Всю ночь перед операцией я молилась. Просила, что я не хочу быть немой, что хочу дышать сама, что хочу сама говорить с сыном, чтобы он слышал меня, а не видел безмолвное существо с трубкой в горле. На следующий день меня оперировали. Муж «поймал» хирурга в больничном коридоре: «Как она?» «Если задышит сама, трубку ставить не будем». Я не представляю, как он выдержал эти 3 часа операции. Когда меня привезли в палату, я сразу проверила голос. Я ГОВОРИЛА И ДЫШАЛА. На следующий день меня выписали. В отличие от Томска, пациенты Питерской клиники не лежат там неделями, ожидая кто смерти, а кто страданий. На следующий день после операции мне сделали перевязку и отправили ждать гистологию дома. На радиойод меня записали сразу же в «Пироговке»: в сентябре я опять еду лечиться, правда, уже в Таллин. Тонкая ниточка шрама и отсутствие дискомфорта. Кстати, компьютерную томографию в Томске мне тоже не делали, а меж тем в легких у меня какие-то образования. Что это: покажет радиойод, на который в Томске меня не направили «ЗА НЕНАДОБНОСТЬЮ».

Суммирую нанесенный мне ущерб:

— отсутствие достоверности в моем диагнозе (опухоль, которая якобы образовалась в течение месяца и якобы злокачественная опухоль на руке);

— инфильтрат на руке и отсутствие чувствительности, вследствие инъекции хлористого кальция подкожно;

— отсутствие чувствительности на месте томского шрама и подкожный рубец;

— нефункционирующая левая голосовая связка;

— риск остаться немой и с трубкой в горле;

— уродливый шрам (который, однако, силами питерских хирургов превратился в еле заметную ниточку);

— гипокальцемия (с которой пациенты питерские вообще не знакомы), а с этим парестезии и судороги, невозможность долго находится в одном положении (пардон, но усидеть на унитазе для меня в то время было «невыполнимой миссией»);

— деньги, потраченные на госпитализацию, «лечение» и дорогу в Томск и обратно.

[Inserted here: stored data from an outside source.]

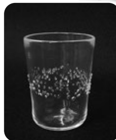
◇透明ガラスの吹きガラス体験、サンドブラスト、リユーター体験も同時開催しています。
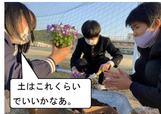
土はこれくらいでいいかなあ。

11月から、環境美化委員会の生徒を中心に、校内外に花を植えたり、飾ったりしています。生徒自ら、花壇やポットの土をおこし、花を植えました。また、当番で水やりをしています。校外では、シンボルロード沿いのフェンスに花を飾りました。地域の方からも「きれいですね。」「心が和みます。」と声をかけていただきました。地域の環境づくりに少し貢献できた気持ちです。大切に育てます。
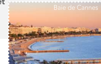
Baie de Cannes

Retrouvez les établissements Accueil Vélo sur www.lamediterraneeavelo.com
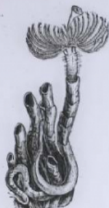
Fig. 183. — Appareil respiratoire chez les Serpules.
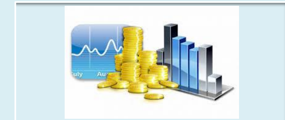
Обсяг капітальних інвестицій на одну особу населення, грн

У 2020 році зберігається тенденція до зменшення обсягу капітальних інвестицій в порівнянні з попереднім роком
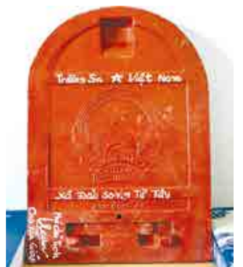
● Viên ngói in hình Quốc huy nước Cộng hòa xã hội chủ nghĩa Việt Nam dùng để lợp những công trình trên đảo Song Tử Tây, lưu giữ và khẳng định chủ quyền biển, đảo Việt Nam.

Nhìn vào những viên gạch đặt nền móng ấy, mỗi người con đất Việt lại thêm thấu hiểu và tri ân công lao của bao thế hệ đi trước - những
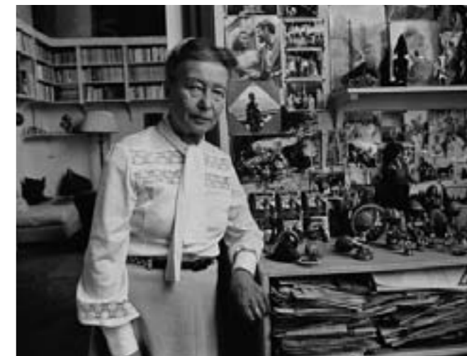
Simone de Beauvoir i sin leilighet i Paris, 1976.

Kjønn og dikotomier/motsetninger/forskjeller er sentrale temaer innenfor fagfeltet og noe jeg ønsket å undersøke i den hensikt å forstå prosesser mot endring. Hvordan kjønnsteori reflekterer praksis er også bakgrunn for oppgaven. Studier viser at både kvinner og menn (som grupper) har dårlige vilkår, men
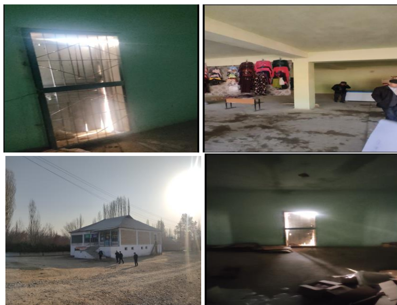
Рисунок 3. Фотографии объекта в с. Кашкалак
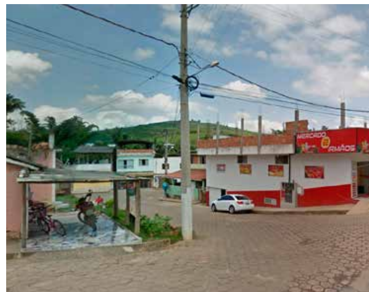
Moradores de Nossa Ssenhora das Graças questionam valor do projeto para capela mortuária diante de demandas que têm mais prioridade
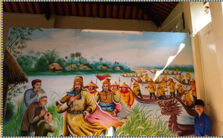
Hình ảnh phác họa ở bên trong Dinh thờ Kiến An

Ngoài ra, bên trong Dinh còn thể hiện lại những hình ảnh về một thời hào hùng của Ông.
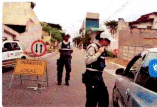
Guardas também terão que fazer cursos de legislação de trânsito
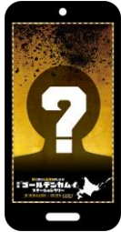
オリジナルコーラボ待ち受け画像
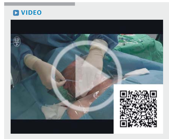
► Video 1 Zentraler Venenkatheter.

Das ► Video 1 zeigt das Vorgehen bei der Anlage eines zentralen Venenkatheters Schritt für Schritt.
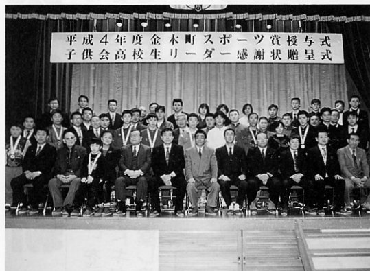
スポーツ賞、感謝状を受けた方々
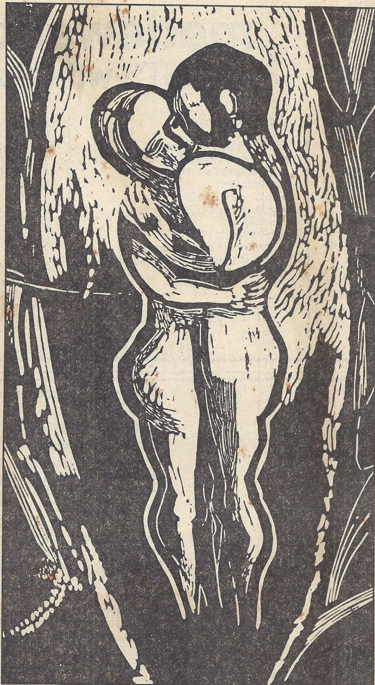
* „Omhelzing”, een lino-snede

„Ik wil funktionieren in deze samenleving”, zegt hij, „en daarom moet ik bereikbaar zijn”. Daarom wil hij zijn talent, zijn vermogen om kunst te maken, niet voor grof geld verkopen; hij heeft genoeg aan kost en inwoning met huiselijk verkeer in deze samenleving.
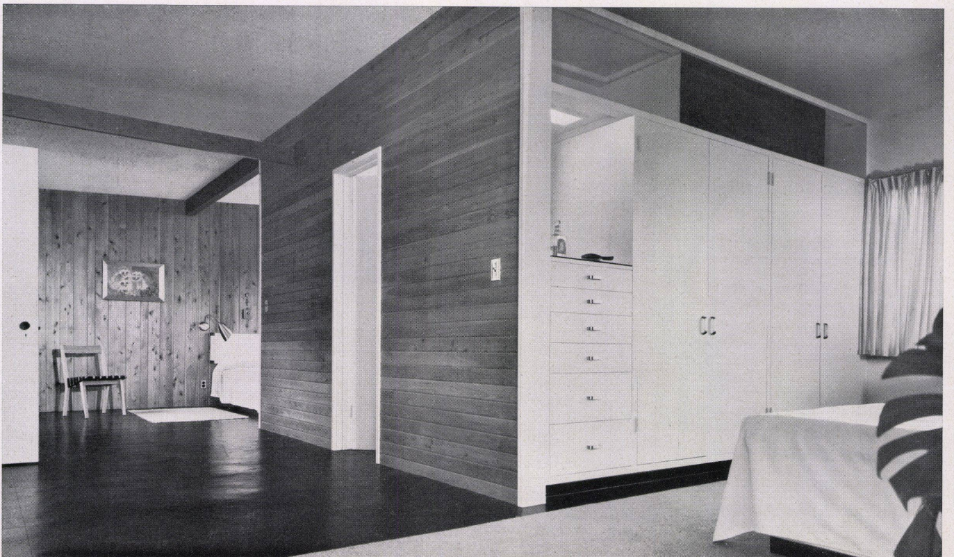
Elternzimmer mit den beiden Schlafnischen und dem Bad- zimmer Chambre des parents, les deux alcôves et la salle de bains Parents' room with two bed niches and bathroom

Переживания мои, моей семьи, депрессия – неотъемлемые «спутники» онкологических больных, однако, они могли быть в сотни раз меньше, не окажись мы в Томске. То, что операция в Томске принесла мне больше вреда, нежели пользы, очевидно.

Я уже успела сделать операцию в Питере и скоро собираюсь на радиойод терапию в Эстонию. Времени, нервов и денег на суд у меня нет. Именно поэтому я хочу предостеречь своим письмом тех, кто раздумывает над выбором лечебного заведения: ОПАСАЙТЕСЬ НИИ ОНКОЛОГИИ ГОРОДА ТОМСКА. Я не ручаюсь, что все врачи данного заведения никудышные, но ЧИЖЕВСКАЯ СВЕТЛАНА ЮРЬЕВНА и медперсонал отделения головы и шеи НИИ Онкологии города Томска – именно те товарищи, способные свести в могилу.

Всем прочитавшим желаю здоровья. Никогда не унывайте! Те, кто побывал в онкологии, ценят жизнь и вам советуют!!!

Прошу распространить это письмо среди знакомых, друзей и родственников!